Os elementos elencados são peças de um quebra-cabeças que demonstraram o embaraço do neofascista-mor et caterva, a saber, o novo governador do RJ e a respectiva PC colonialista (racista e anti-republicana). Os movimentos nervosos e a determinação subjetiva do dirigente miliciano reagem ao garrote que aperta o pescoço majestático. O ser repugnante está cônscio de que só resta-lhe o núcleo duro de apoiadores e uma franja, que não se bate por direitos, senão por privilégios.
O confronto eugênico, aproveitando-se do respeito imobilista de vasto contingente populacional adepto das diretrizes sanitaristas para evitar aglomerações, extrapolou a gramática da guerra de posição nos limites dos vetores da modernidade, iconizados no regime liberal-democrático. É hora daqueles que se movem por uma “ideologia de relação de poder”, quer dizer, por um projeto político contraposto ao ensaio de guerra de manobra deflagrada pelo neofascismo – erguerem barricadas para assegurar a paz social na sociedade civil, dentro das regras do jogo e das normas procedimentais.
– Epílogo de luta
Cabe ao campo democrático-popular a necessidade de retomar as ruas, apesar das recomendações das autoridades da Saúde, para fazer emergir outra autoridade. A autoridade do povo soberano, com as imprescindíveis máscaras zapatistas de prevenção, para decidir os destinos do Estado de Direito – enfraquecido: a) pelo quietismo do PJ e do MP Federal frente à deposição injusta da presidenta Dilma Rousseff em 2016, sem crime de responsabilidade, encaminhada pelo chefe de uma verdadeira organização criminosa, interditado somente depois do trabalho sujo realizado; b) pelas adversidades da conjuntura política acirradas no fatídico ano de 2018; c) pela passividade acumpliciada do PJ e do MPF às flagrantes ilegalidades e corrupções cometidas pela Lava Jato, com auxílio prestimoso do lawfare; d) isto é, do manejo de processos jurídicos para a consecução de metas políticas, na perseguição insana ao ex-presidente Lula da Silva e ao Partido dos Trabalhadores (PT).

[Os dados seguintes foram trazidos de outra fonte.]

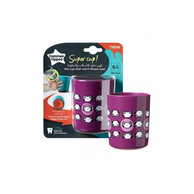 The world’s first toddler-proof cup. the no-knock cup is the open-top cup that won’t knock over. It has clever grip technology, which means the eye-catching cup resists knocks, bumps and bashes from little hands. The open top cup that won’t knock over. The Tommee Tippee Super Cup is the world’s first toddler proof cup… It grips instantly to smooth, flat, solid surfaces, stopping little hands from tipping it over.

Atitudes, tais, que fragilizaram as instituições do Estado de Direito Democrático, os defensores da árdua caminhada civilizacional e, portanto, os valores que poderiam robustecer um ideal de República na direção da liberdade com igualdade.
Para encerrar, fica o apelo à reflexão militante do leque da esquerda e de todo o espectro democrata, tendo por fundamento histórico-conjuntural um mesmo paradigma sistêmico. Para que as ruas e as praças voltem a ser apropriadas pelas mobilizações progressistas, libertárias, igualitárias. Na medida do possível, abrindo clareiras de entendimento e sólidas alianças antineofascistas. Essa luta não tem dono. Tem, isso sim, sonhos a serem sonhados e tornados realidade. A gente não desiste.